1.5 Million

As I stand in front of the bathroom mirror the words on my T-shirt catch my eye.  “Yoda Best Dad Ever”.  The T-shirt is new.  My kids got it for me for Father's Day in honor of the terrible Yoda impression I do to make them laugh.  Suddenly, I think about 1.5 million dollars, and the weight of it is like sandbags on my chest.  The price of a life. 

I got the email from a friend.  There is a 4-month-old baby in his fiancé's hometown in Southern Poland with a cardiac condition.  It’s called Tetralogy of Fallot, and it’s one of the most common cyanotic heart defects in babies.  The defect is comprised of four basic lesions: a hole between the bottom two heart chambers, obstruction of blood flow to the lungs, a large right-sided heart chamber and an overriding aorta.  The severity of illness is dictated by the degree of obstruction of blood flow to the lungs.    

My friend says the baby needs to come to the United States—the operation is too complicated for the team in Poland.  At first, I’m surprised, but as I read on, I realize the extent of the baby’s illness.  The blood vessel that is supposed to take blood from the heart to the lungs is atretic.  Maybe even absent.  Instead, blood flow to the lungs is supplied by multiple anomalous collateral blood vessels feeding from his aorta.  Likely, these blood vessels will constrict over time, cutting off all flow to the lungs. 

Attached to the email is an estimate from the US hospital.  It looks like any other estimate – I have similar ones for house or car repairs.  The difference is the patient’s name at the top and the number of zeros at the bottom.  1.5 million is a lot of zeros.      

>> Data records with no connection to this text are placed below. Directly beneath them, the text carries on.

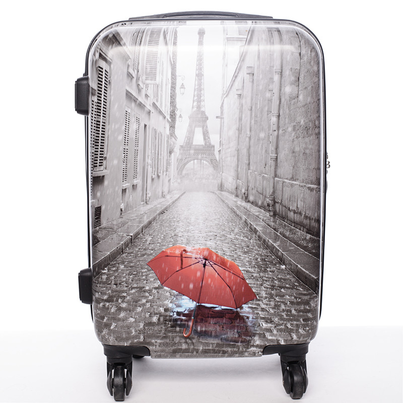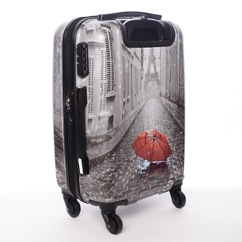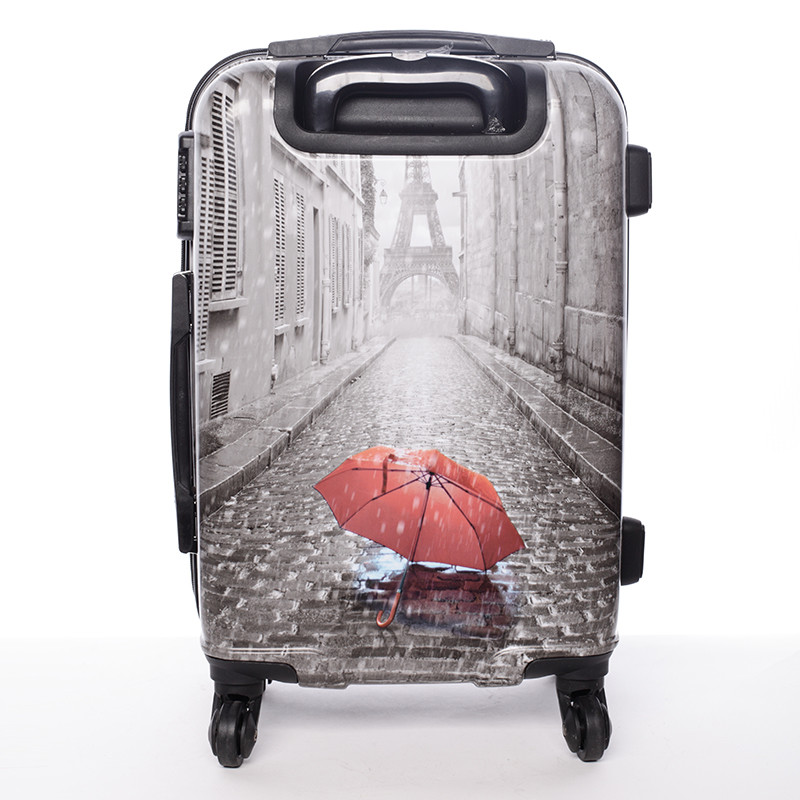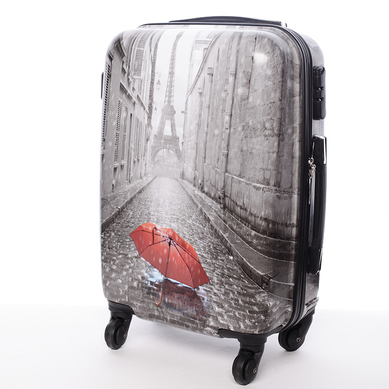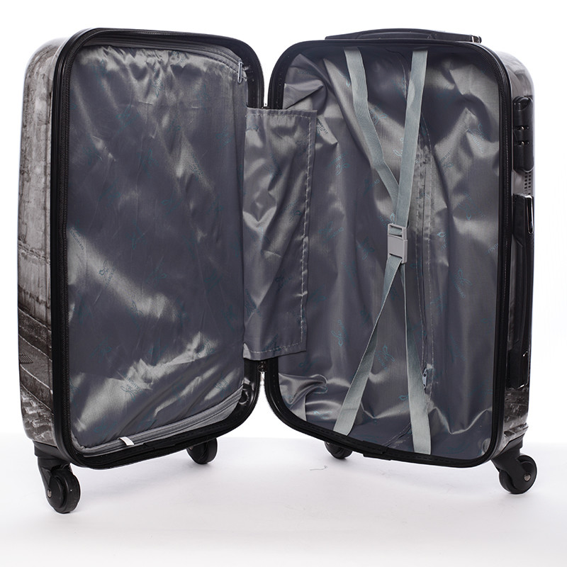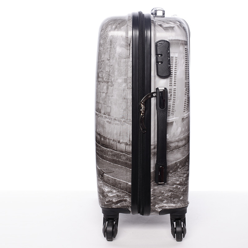 Kvalitní cestovní kufr na čtyřech kolečkách David Jones velikosti S. Jedinečné, pevné, kvalitní a prostorné zavazadlo má standardní madlo s aretací, horní a boční madlo, uvnitř upínací popruhy a velkou kapsu na zip. Díky gumovým protektorům jej můžete položit na bok a neodře se. Samozřejmostí je zabezpečení zipu kódem. Objednejte ještě dnes a vyzkoušejte, vrátit jej můžete až za 30 dnů!
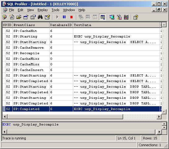 stored procedure. As a result, each time the usp_Display_Recompile stored
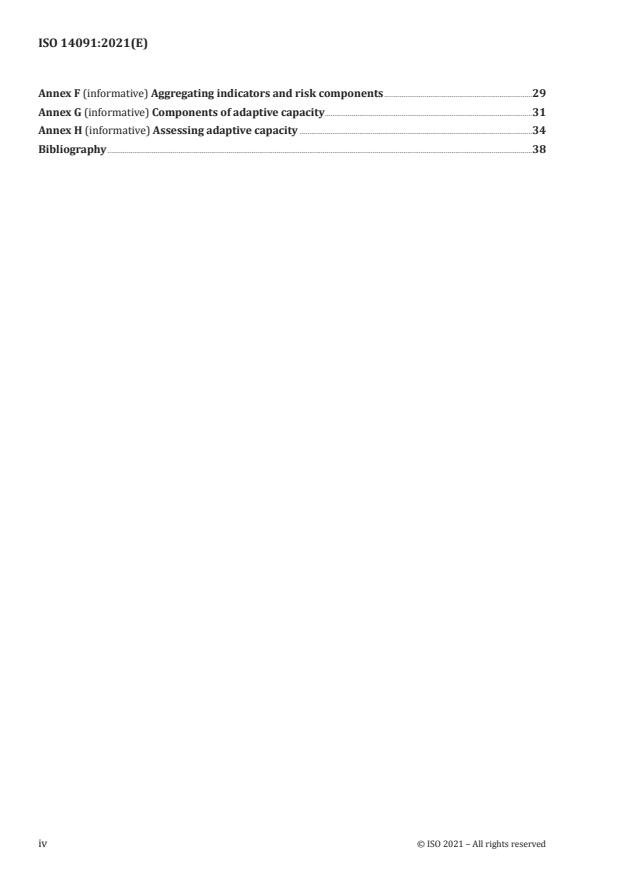 ISO 14091:2021 focuses on systematic, documented approaches rather than prescriptive methods. Major technical topics include:
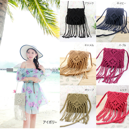 ショルダーバッグ レディース 斜めがけ かわいい クロシェ フリンジ 春夏 海 リゾート
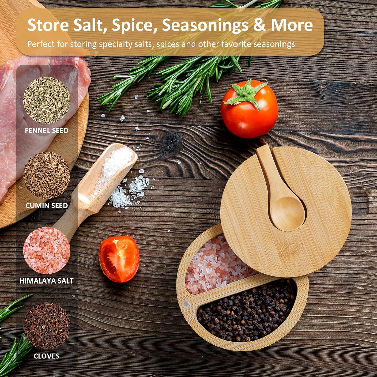 2-Compartment Salt Box with Lid and Spoon, Bamboo Salt Cellar with Swivel Lid, Salt and Pepper Bowls for Salt & Spices, Dual 6 oz Salt Container
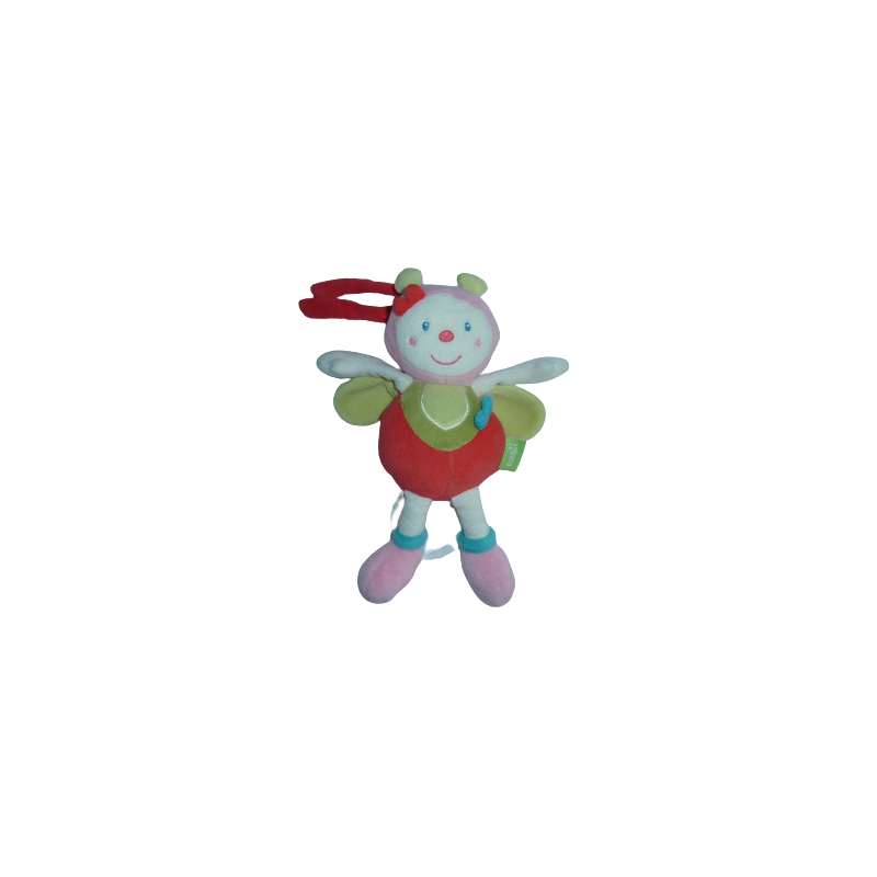 Doudou peluche musicale papillon 24 cm environ, rose vert rouge. Etat : Très bon état (étiquette d'informations coupée)
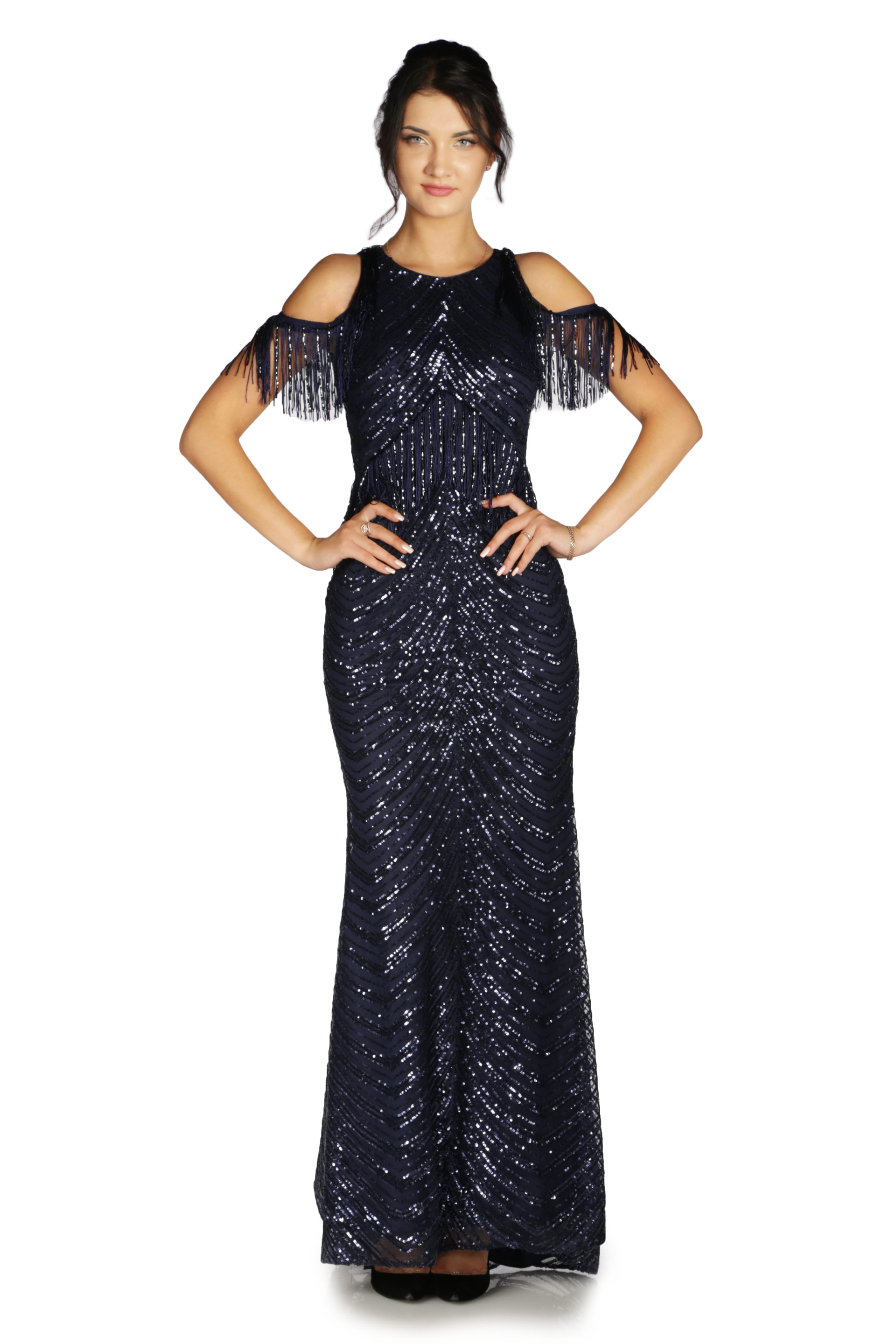 - Kol Boyu Uzun Abiye Elbise
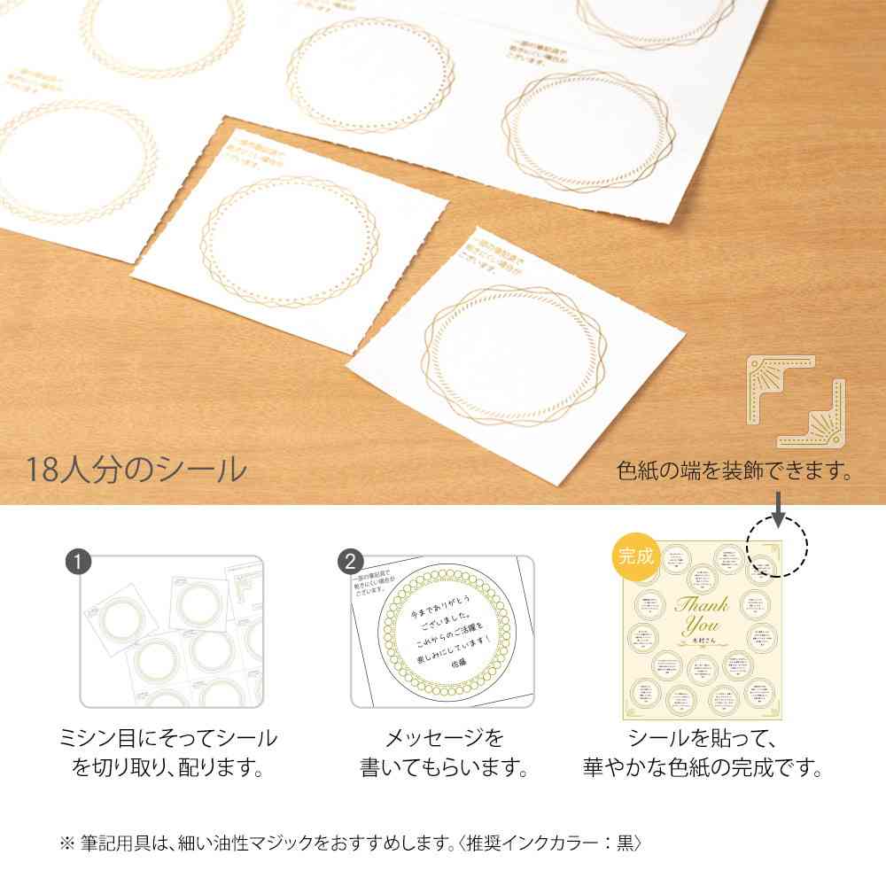 色紙を華やかに飾る金箔の半透明シールです。 「カラー色紙 シール付 半透明 タイトル」の追加用シールですが、ベーシックなデザインなので、様々な色紙にお使いいただけます。

I’m reminded of a story in Anthony Doerr’s Memory Wall.  A father, Pheko, stands in line outside a clinic in a South African shanti town.  Mothers and children sit on upturned onion crates and sleep on blankets and the wind gusts through the town, lifting dust and shaking the lampposts.  It’s 2 AM and the line doesn’t move.  His son is listless and febrile.  His son soils his clothes twice and the father leaves the line to clean him.  Doerr writes, “Every hour or so a bleary nurse walks up and down the queue and says, in Xhosa, how grateful she is for everybody’s patience.  The clinic, she says, is waiting for antibiotics.”

As I read the words I drown in despair and frustration.  I think of the millions of parents across the world who, like Pheko, are unable to provide the medical treatment their children need.  Now, when I give my children medicine, I think of that story.  I think of that father.  Sometimes I think of that story when I order antibiotics for a septic baby or when I place a baby on a ventilator, and we drip milky white surfactant into their lungs.  I think of how I don’t have to consider the cost.  I can care for my patients without checking to see if their parents can pay.  I don’t have to turn anyone away. 

I’m reminded too of a podcast I listened to in which Joseph Stern, MD tells of his volunteer work with One World Surgery in Honduras.  He tells of how a femoral fracture can lead to permanent disability for the thousands of people who cannot afford an operation.  What would be a painful inconvenience to someone in my town is a life sentence of immobility, unemployment, and marginalization for someone in the mountains of Latin America.

It’s difficult to think of how the baby in Poland may never feel the rumble of a jet engine under his body or hear the foreign words of an American doctor—there may never be enough numbers in his father’s bank account.  1.5 million may as well be infinity.  It is beyond the scope of my imagination.  Perhaps a corporate donor will step forward.  Perhaps a nonprofit will bridge the gap.  In the morning I will email a cardiology friend at Duke to see if he can help.  It’s a long shot but it’s all I can do.

 

Note:  The day after writing this, my friends texts me to tell me the baby in Poland died.  His name was Kuba.